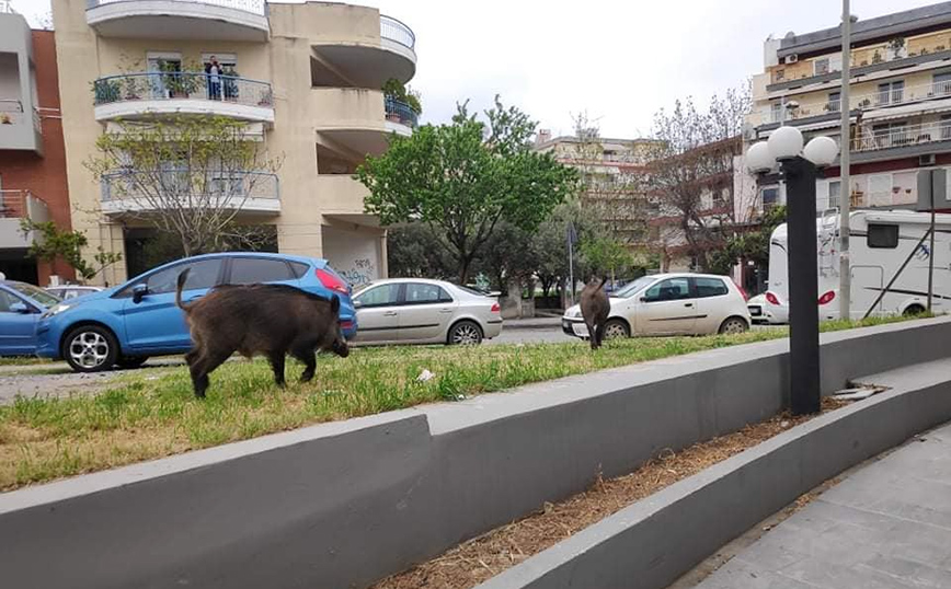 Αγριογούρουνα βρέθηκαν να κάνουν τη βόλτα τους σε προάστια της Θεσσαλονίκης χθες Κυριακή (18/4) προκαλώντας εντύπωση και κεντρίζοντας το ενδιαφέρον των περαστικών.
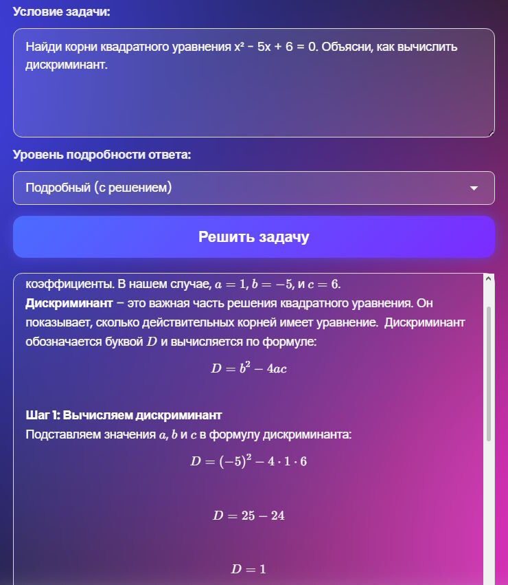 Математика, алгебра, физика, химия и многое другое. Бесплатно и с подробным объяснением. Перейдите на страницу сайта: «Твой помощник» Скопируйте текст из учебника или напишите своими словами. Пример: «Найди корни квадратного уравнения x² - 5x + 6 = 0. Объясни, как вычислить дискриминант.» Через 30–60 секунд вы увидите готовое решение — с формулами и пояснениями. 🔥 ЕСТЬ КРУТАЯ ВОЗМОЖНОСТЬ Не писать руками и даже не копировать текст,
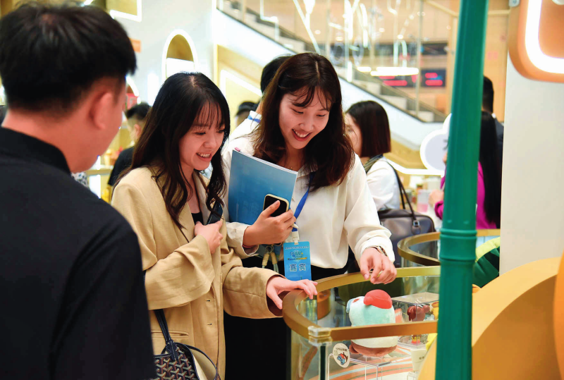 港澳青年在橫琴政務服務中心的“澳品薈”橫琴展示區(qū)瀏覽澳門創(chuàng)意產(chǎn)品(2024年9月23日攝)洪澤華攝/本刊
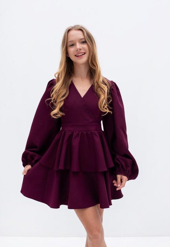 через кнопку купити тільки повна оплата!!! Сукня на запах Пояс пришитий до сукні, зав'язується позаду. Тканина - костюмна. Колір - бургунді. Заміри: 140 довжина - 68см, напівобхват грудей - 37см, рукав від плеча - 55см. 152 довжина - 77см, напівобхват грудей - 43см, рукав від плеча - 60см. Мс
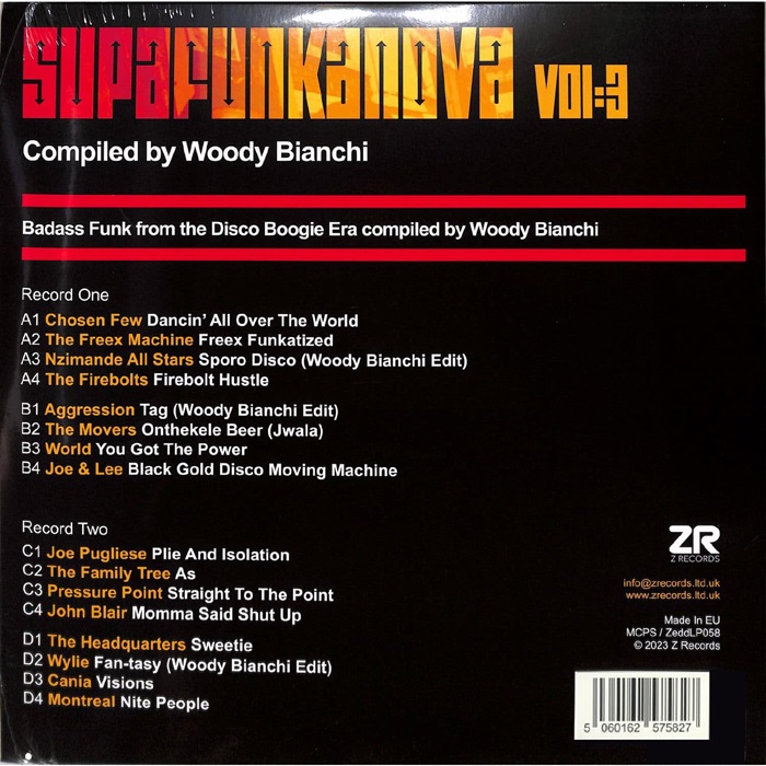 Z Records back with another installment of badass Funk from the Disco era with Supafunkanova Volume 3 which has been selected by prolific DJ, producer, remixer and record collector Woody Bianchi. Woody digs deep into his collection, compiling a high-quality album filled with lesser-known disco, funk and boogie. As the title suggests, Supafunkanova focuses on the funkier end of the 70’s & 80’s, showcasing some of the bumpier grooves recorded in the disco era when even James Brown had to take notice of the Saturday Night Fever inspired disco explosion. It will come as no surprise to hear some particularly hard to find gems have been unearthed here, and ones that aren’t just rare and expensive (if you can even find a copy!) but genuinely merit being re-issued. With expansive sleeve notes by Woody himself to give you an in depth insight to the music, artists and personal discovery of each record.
* * *
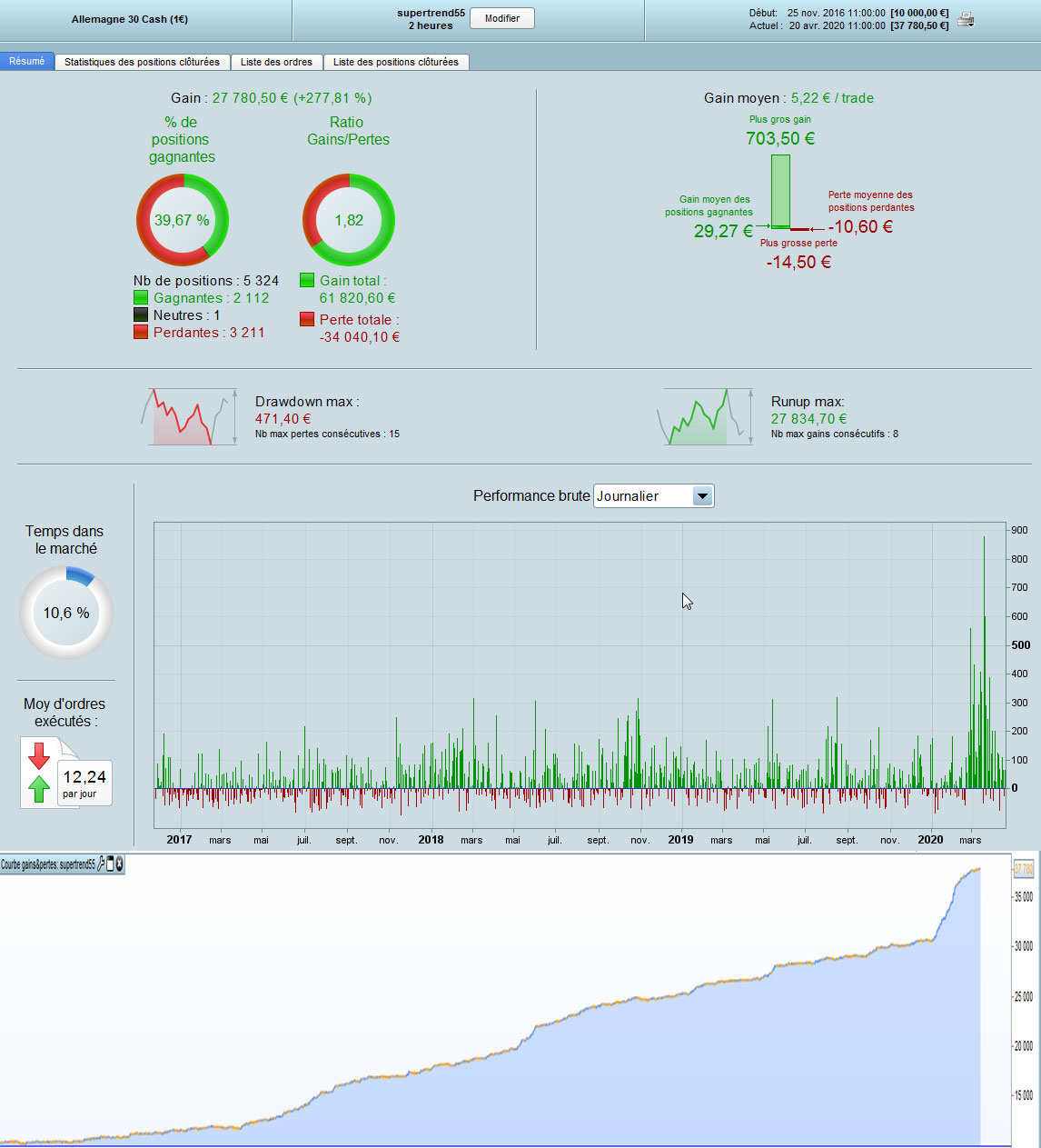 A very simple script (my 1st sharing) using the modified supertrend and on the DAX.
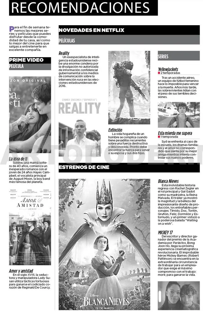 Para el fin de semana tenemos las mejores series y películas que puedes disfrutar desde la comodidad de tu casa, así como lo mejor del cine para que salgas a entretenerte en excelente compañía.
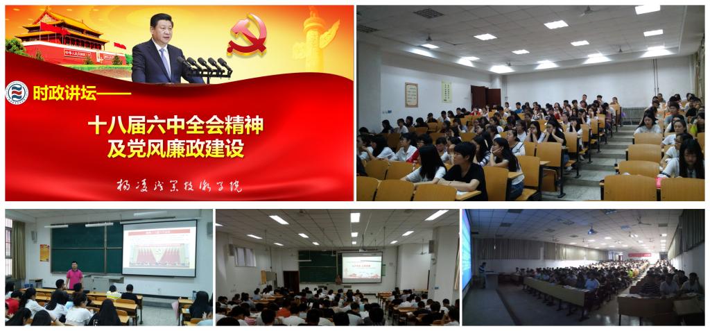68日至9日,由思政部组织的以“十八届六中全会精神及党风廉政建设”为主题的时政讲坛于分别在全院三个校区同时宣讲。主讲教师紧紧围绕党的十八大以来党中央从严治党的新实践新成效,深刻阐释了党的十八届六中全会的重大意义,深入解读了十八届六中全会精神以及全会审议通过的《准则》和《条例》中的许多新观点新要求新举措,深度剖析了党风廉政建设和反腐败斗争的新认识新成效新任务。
* * *
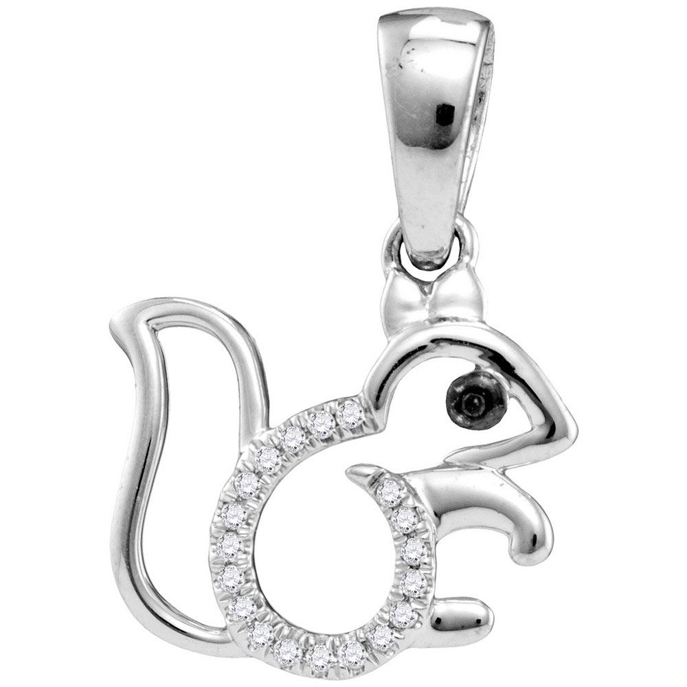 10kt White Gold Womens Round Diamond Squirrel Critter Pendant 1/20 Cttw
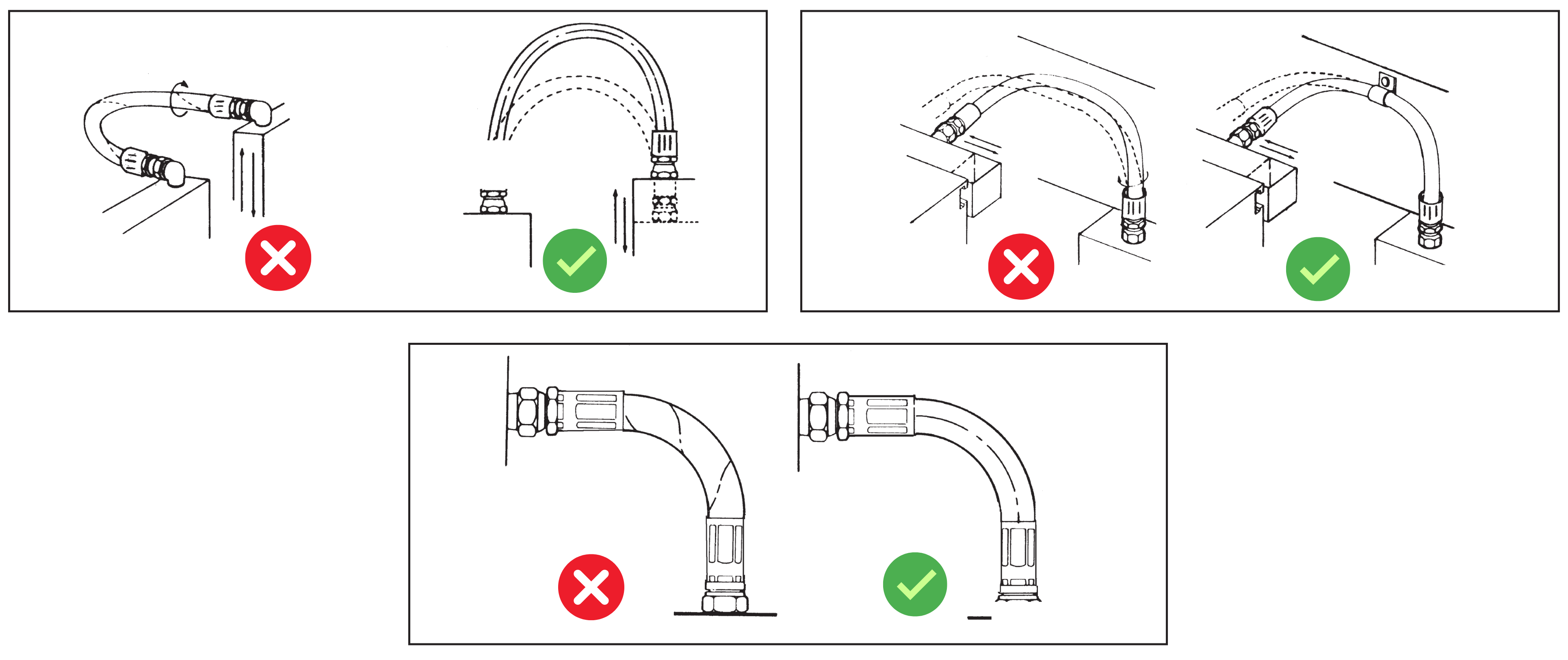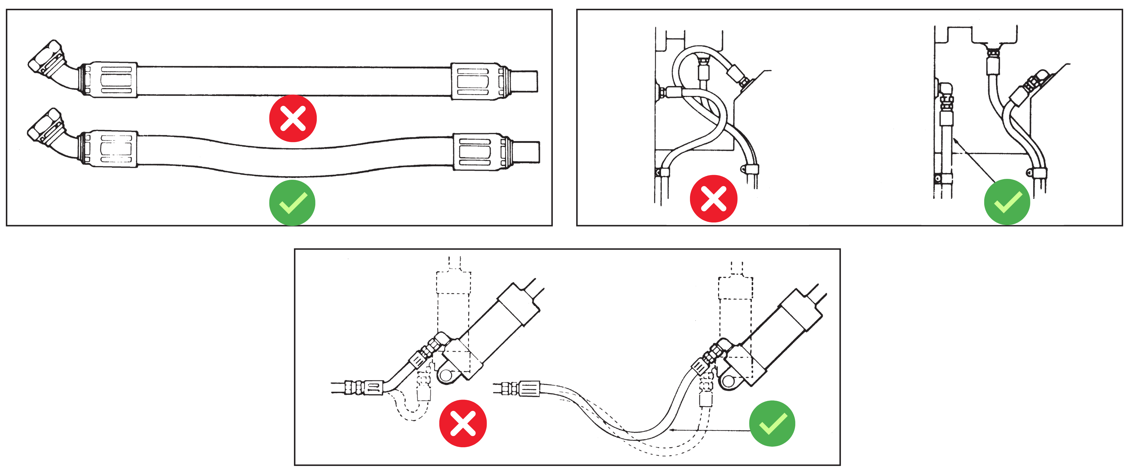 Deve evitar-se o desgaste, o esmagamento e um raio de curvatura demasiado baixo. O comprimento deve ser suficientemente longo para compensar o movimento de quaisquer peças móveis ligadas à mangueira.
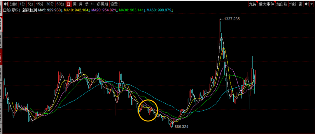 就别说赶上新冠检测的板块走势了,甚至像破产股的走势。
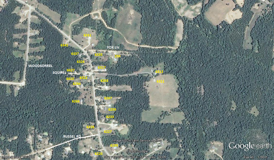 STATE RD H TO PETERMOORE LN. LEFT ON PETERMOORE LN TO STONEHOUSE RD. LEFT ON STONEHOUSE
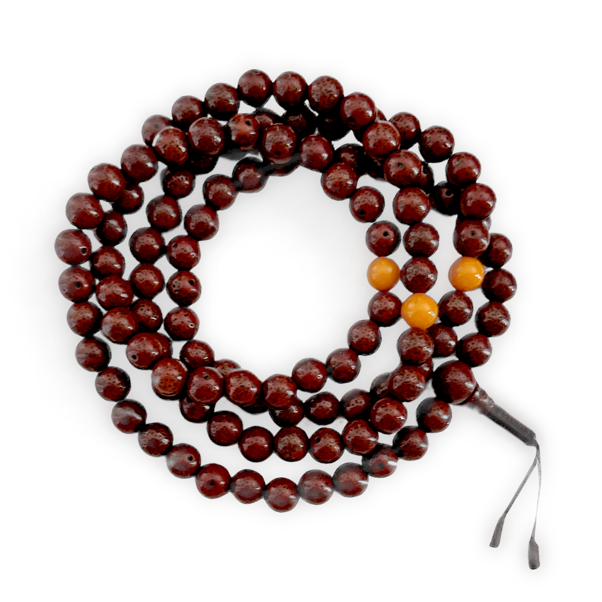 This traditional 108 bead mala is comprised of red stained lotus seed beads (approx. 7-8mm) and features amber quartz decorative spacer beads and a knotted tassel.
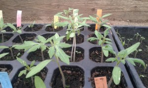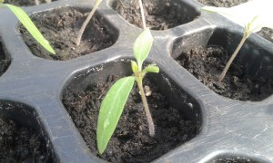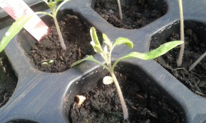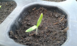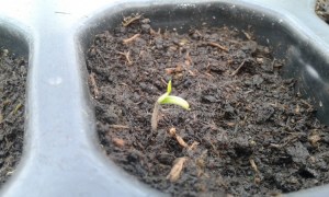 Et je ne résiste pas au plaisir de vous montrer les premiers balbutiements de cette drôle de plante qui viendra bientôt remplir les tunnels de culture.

Task to complete: Between and including the line with "через кнопку купити" and the line with "Z Records back", repeat every line exactly as it appears above, with pictures left out.

Output below:
 через кнопку купити тільки повна оплата!!! Сукня на запах Пояс пришитий до сукні, зав'язується позаду. Тканина - костюмна. Колір - бургунді. Заміри: 140 довжина - 68см, напівобхват грудей - 37см, рукав від плеча - 55см. 152 довжина - 77см, напівобхват грудей - 43см, рукав від плеча - 60см. Мс
 Z Records back with another installment of badass Funk from the Disco era with Supafunkanova Volume 3 which has been selected by prolific DJ, producer, remixer and record collector Woody Bianchi. Woody digs deep into his collection, compiling a high-quality album filled with lesser-known disco, funk and boogie. As the title suggests, Supafunkanova focuses on the funkier end of the 70’s & 80’s, showcasing some of the bumpier grooves recorded in the disco era when even James Brown had to take notice of the Saturday Night Fever inspired disco explosion. It will come as no surprise to hear some particularly hard to find gems have been unearthed here, and ones that aren’t just rare and expensive (if you can even find a copy!) but genuinely merit being re-issued. With expansive sleeve notes by Woody himself to give you an in depth insight to the music, artists and personal discovery of each record.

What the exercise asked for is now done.